À toucher, l'Académie écrit : Ils se sont touchés dans la main ; mais, à main, elle écrit : ils se sont touché dans la main. La véritable orthographe est la dernière. Quand il s'agit d'un accord, d'un acquiescement, on ne touche pas quelqu'un dans la main ; on touche à quelqu'un dans la main. Ils se sont touchés dans la main a un autre sens : toucher quelqu'un dans la main, c'est lui faire un attouchement dans la main.

HISTORIQUE

XIe s. Deus le guarit [guarantit] qu'el cors [l'épieu] ne l'ad tuchet, Ch. de Rol. CI.

XIIe s. Pharao li reis de Egypte vint à ost à Gazer, si la prist, tuchad le feu, si l'arst e ocist les Chananeus, Rois, 269. Je vuel que tu le me plevisses… Et que tu ne me tocheras, Ne vers moi ne t'approcheras, Tant que tu me verras monté, la Charrette, 827. E od [avec] ses ordes mains prist les sainz vesseaux e les tochoit ordement, Machab. II, 5. Sire, enclin tes ciels e descent ; toche les monz, e il fumerunt, Liber. psalm. p. 222. Ne voilez [veuillez] tucher les miens crist, e es miens prophetes ne voilez maligner, ib. p. 155.

XIIIe s.

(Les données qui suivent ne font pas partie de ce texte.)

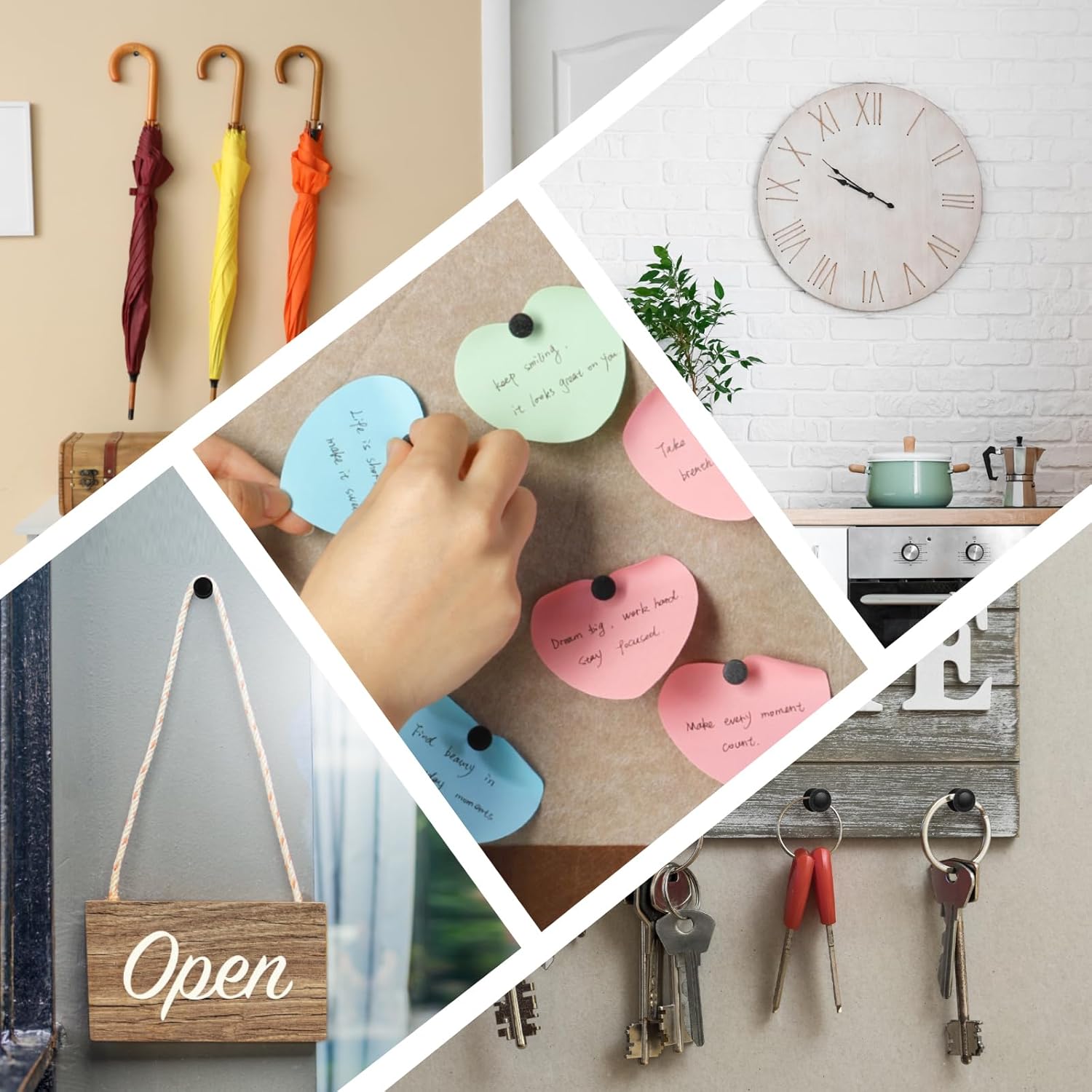 - 40 PCS PICTURE HANGERS: This package contains 40 thumb tacks, along with an easy-to-store transparent box. You can easily pick out the wall hangers without nails every time you use them. You don't need to worry about losing or misplacing them.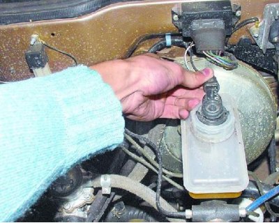 1. Отсоедините колодку с проводами от датчика уровня тормозной жидкости, установленного в крышке бачка.
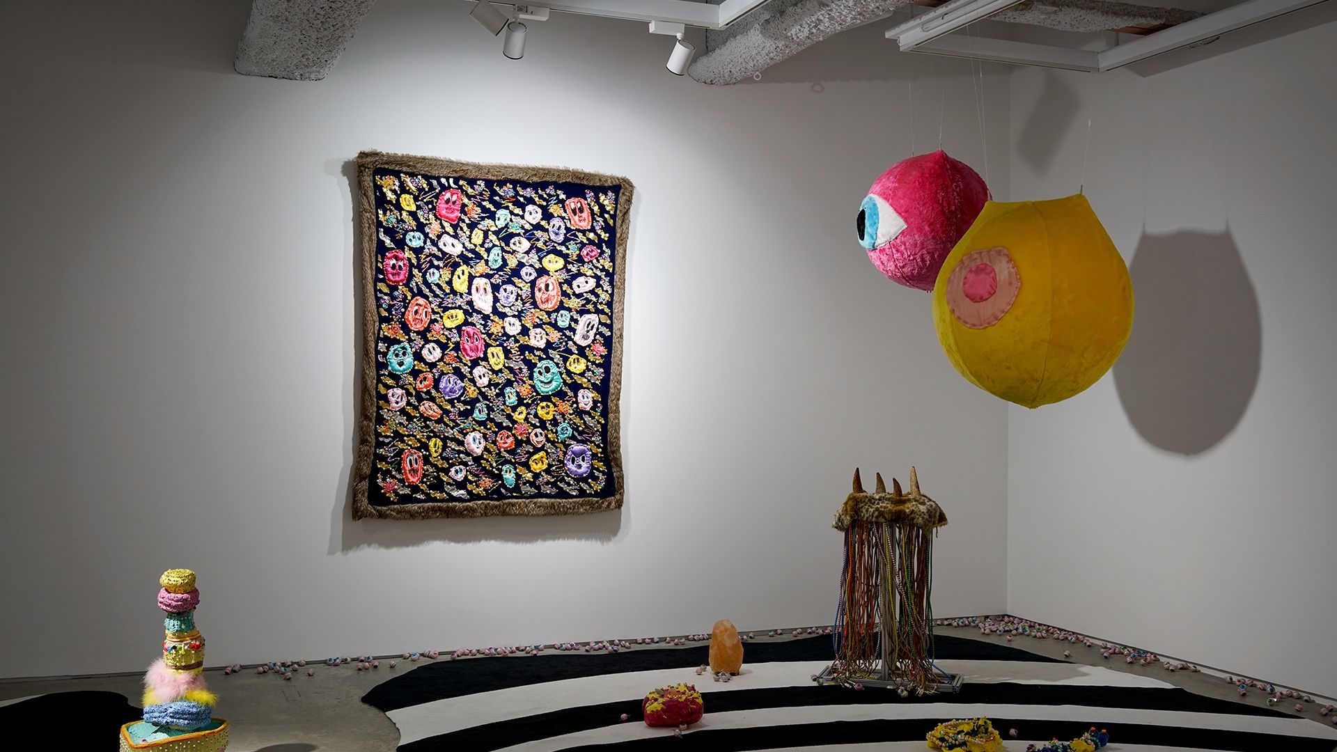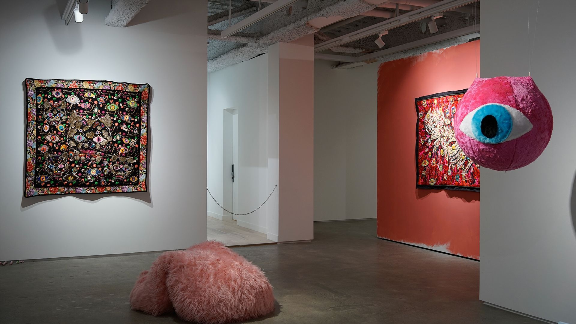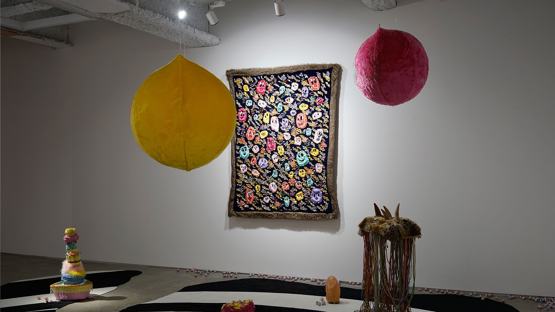 "Little Hell" exhibition candidly presents the artist's aesthetic of creation, interweaving humour, satire, and introspective musings. Recurring elements in the artworks, such as eyes, skulls, bones, and wings, have been consistent motifs in Chang’s oeuvre. Organic and inorganic materials, soft fabrics and metal objects, cuteness and ugliness, nobility and vulgarity, independence and collaboration, all intertwined. Behind the ironic disguises, one can catch a glimpse into the artist’s creative trajectory, incorporating intricate layers of messages and novel creative direction.

Un lonc cor qu'il avoit lié à son col, a mis à sa bouche, Si fort et si très bien le touche, Et commence à corner si haut, Que retentir en fait le gaut [bois], Ren. 16190. Renart remaint, Tybert s'en touche [s'en échappe], Si li escrie à plaine bouche : Renart, Renart, vos remanez, Et je m'en vais touz delivrez, ib. 2061. Moult grant douçor au cuer me touche, la Rose, 1015. Et des biens qui poent venir au bailli d'avoir les connissances dessus dites, toucerons nous briement, Beaumanoir, I, 9. Soit par reson d'eritage, soit de muebles, soit de querele qui touce à la persone, Beaumanoir, II, 1. Quant ceulx à cheval virent que en les bleçoit par devers nous, ceulz à cheval toucherent à la fuie [fuite], Joinville, 233. Et n'osoient les hommes toucher aux femmes en nulle maniere, pour la loy que leur premier roy leur avoit donnée, Joinville, 264. Entrues [cependant] li pape s'acouca [se mit au lit] D'un mal qui al cuer [cœur] li toca, Ph. Mouskes, mss. p. 61, dans LACURNE. Et fu si saine [une femme guérie] que il sembloit que ele ne touchast à terre, Miracles St Loys, p. 164.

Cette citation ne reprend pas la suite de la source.